Ne aradığını bildiği zamanlarda hissettiği o kararlılık saygı duyulur boyutlardaydı. Aslında o gün aradığı yukarıdaki değildi. Gözüne ilişmesiyle sessizce attı "Eureka!" çığlığını ve başının üzerinde pembe bi' ampul yandığından çok emindi. Usulca elini başının üzerinde gezdirdi ve "lüzumsuz yanmasın şimdi" dedi. O gün aklı bi'kaç metre havadaydı; diş hekimi koltuğunda duyduğu acıyı en az 50 sene unutamayacağını düşünüyordu. Anestezi falan kâr etmemişti sanki. "Canım dişlerim!" dedi. Klipslerini kontrol bile etmeden aldı. Tabii ki bozuk olduğunu evde anlayacaktı. 

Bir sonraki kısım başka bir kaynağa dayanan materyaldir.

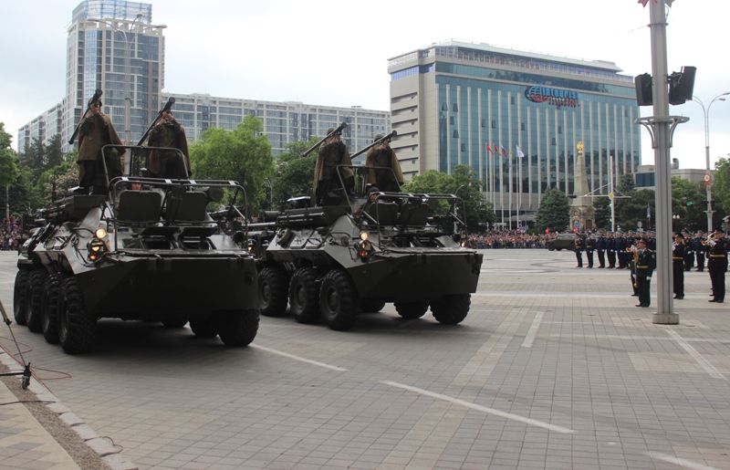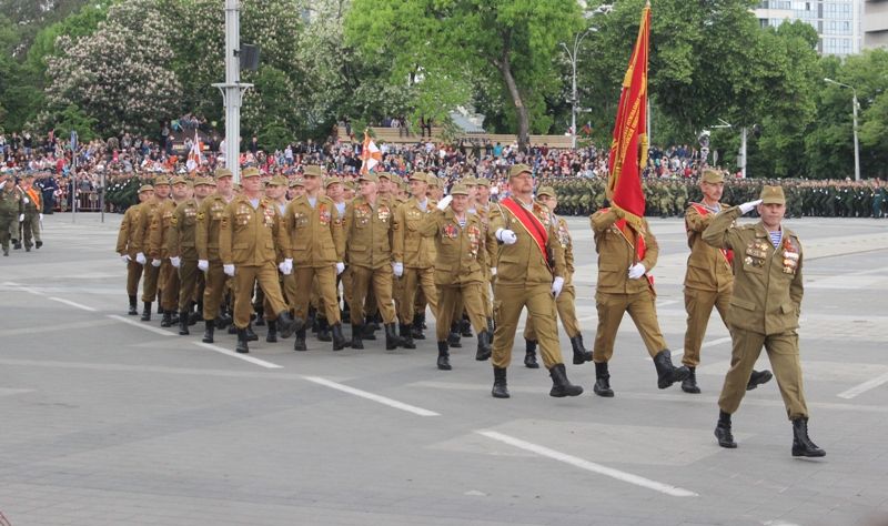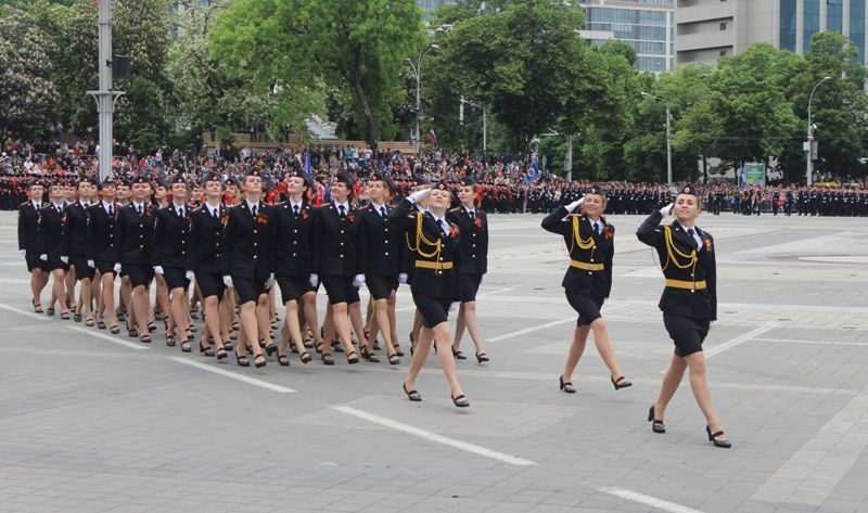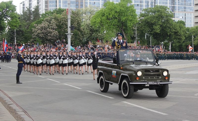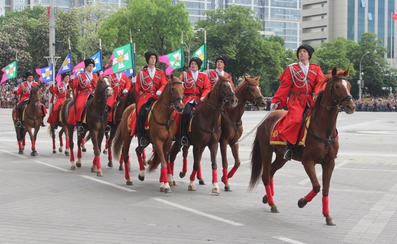 За ветеранами торжественным маршем прошли парадные расчеты и конная группа Почетного караула Кубанского казачьего войска. Всего в прохождении войск приняли участие более 2000 человек. Среди них — военнослужащие соединений и воинских частей Краснодарского гарнизона, казаки Кубанского казачьего войска, курсанты кадетских корпусов Краснодарского края и Краснодарского президентского кадетского училища, ветераны боевых действий, парадные расчеты управления МВД РФ по Краснодарскому краю и ГУ МЧС РФ по Краснодарскому краю.

"Sarı nazar boncuğu!" konusunda acayip güvendiği bi' kaynaktan sağlam bi' duyum almıştı: Rivayete göre ... Neyse orası bana kalsın dedi. İnanacak bi' nesne edinmişti kendine, mutluydu. Buzdolabına süzülerek bi' kutu Nesquik aldı ve kolundakine bakarak azar azar yudumladı. "Ah şu huzur! Bi'şeye değişmem!" dedi ve dinledi: Tık!